Slovene speleologist (1855–1929)

Gregor Žiberna (March 9, 1855 – February 17, 1929) was a Slovene butcher and speleologist.

==Early life==
Gregor Žiberna was born in Divača, the son of the tailor Janez Žiberna and his wife Frančiška (née Malnaršič). He was a skilled sausage maker and meat smoker. In his youth, he and his brother Nace opened the first Slovene café in Trieste and then a delicatessen; however, as ethnically conscious Slovenians, they came into conflict with Italian irredentists and were expelled from the city. Žiberna returned to his birthplace and lived in a stable with his brother France.

==Cave exploration==
Žiberna was a local village character that tricked many people and was therefore nicknamed Tentava (cf. tentati 'to trick, fool'). He was not regularly employed. For a fee, he captured vipers and magpies for museums and schools, and at the same time he ventured into the nearby karst carverns with great enthusiasm. In 1884, he became well known with his discovery of Divača Cave (Divaška jama, originally called Rudolf's Cave, Rudolfova jama). Together with his fellow villager Jakob Rešaver, he explored the entire cave, and he named individual stalactites and other details with Slovene names, which have mostly been lost. In 1885, the Municipality of Divača built paths and an entrance to the cave, and the cave began to be visited by locals and many people from abroad. Žiberna worked as the cave keeper and as a cave guide because he also spoke German and Italian. In 1886, the municipality entered into a lease agreement for 10 years with the Austrian tourist club in Vienna, but the two partners annulled it in 1890, and the cave came under the management of the mountain hiking association. After the Second World War, the cave was not accessible to tourists because in 1943 German forces dynamited the entrance so that the Partisans could not use it as a shelter.
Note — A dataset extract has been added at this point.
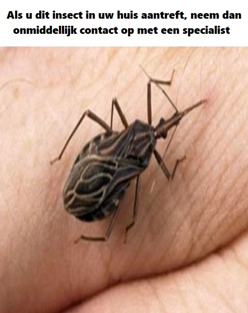 Allereerst moet u weten dat dit insect de gevaarlijkste ziekte overbrengt: « Amerikaanse trypanosomiasis ». Het is een uiterst gevaarlijke ziekte voor zowel mens als dier, die zelfs dodelijk kan zijn!
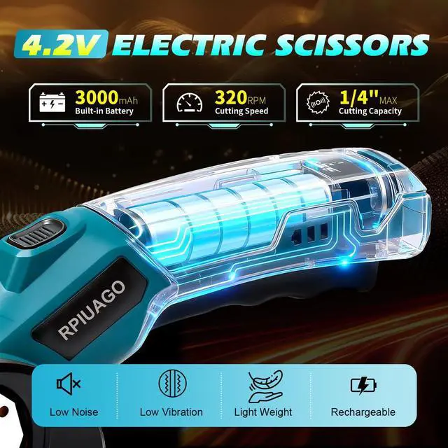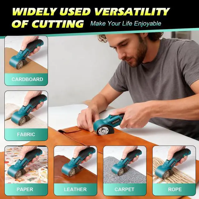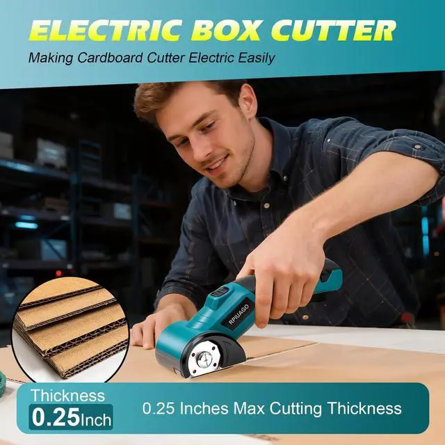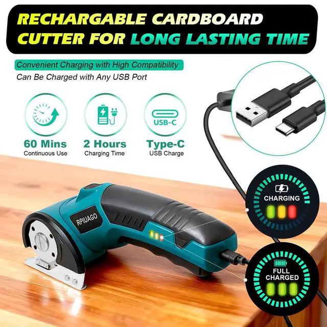 Long-lasting Runtime & Powerful PerformanceEquipped with a 3000mAh rechargeable battery, this 4.2V blue rechargeable electric scissors deliver up to 60 mins of continuous operation. It supports USB Type-C fast charging, reaching full power in just 2 hours. The cardboard cutter electric powered by a high-efficiency brushless motor running at 320RPM with low noise, which generates over 50N of cutting force, effortlessly slicing through max 0.25 inch/6mm thick cardboard, leather, plastic, carpet, fabric and more material. With 50% more power than ordinary electric box cutter for cardborad.

Žiberna was an extremely bold and skilled climber in the karst caves. On September 16, 1889, with the help of a winch, he descended 190 m down a vertical chasm to the bottom of nearby Snake Cave (Kačna jama) and provided the Trieste speleologist Anton Hanke (1840–1891) with the first information about it. Four years later, in agreement with the Trieste speleologist Josef Marinitsch (1838–1915) and four other locals, he built a wooden ladder from the entrance to the bottom of the Snake Cave, which took 315 days, along with considerable effort and risk. He also participated in expeditions by foreign explorers of Slovenia's caves, especially from Vienna and Trieste, which is why his name appears in foreign speleological literature.

==Death==
Due to Žiberna's carelessness, there was a fire in the stable where he lived. He escaped the fire, but he caught a cold in the severe winter weather, contracted pneumonia, and succumbed to it.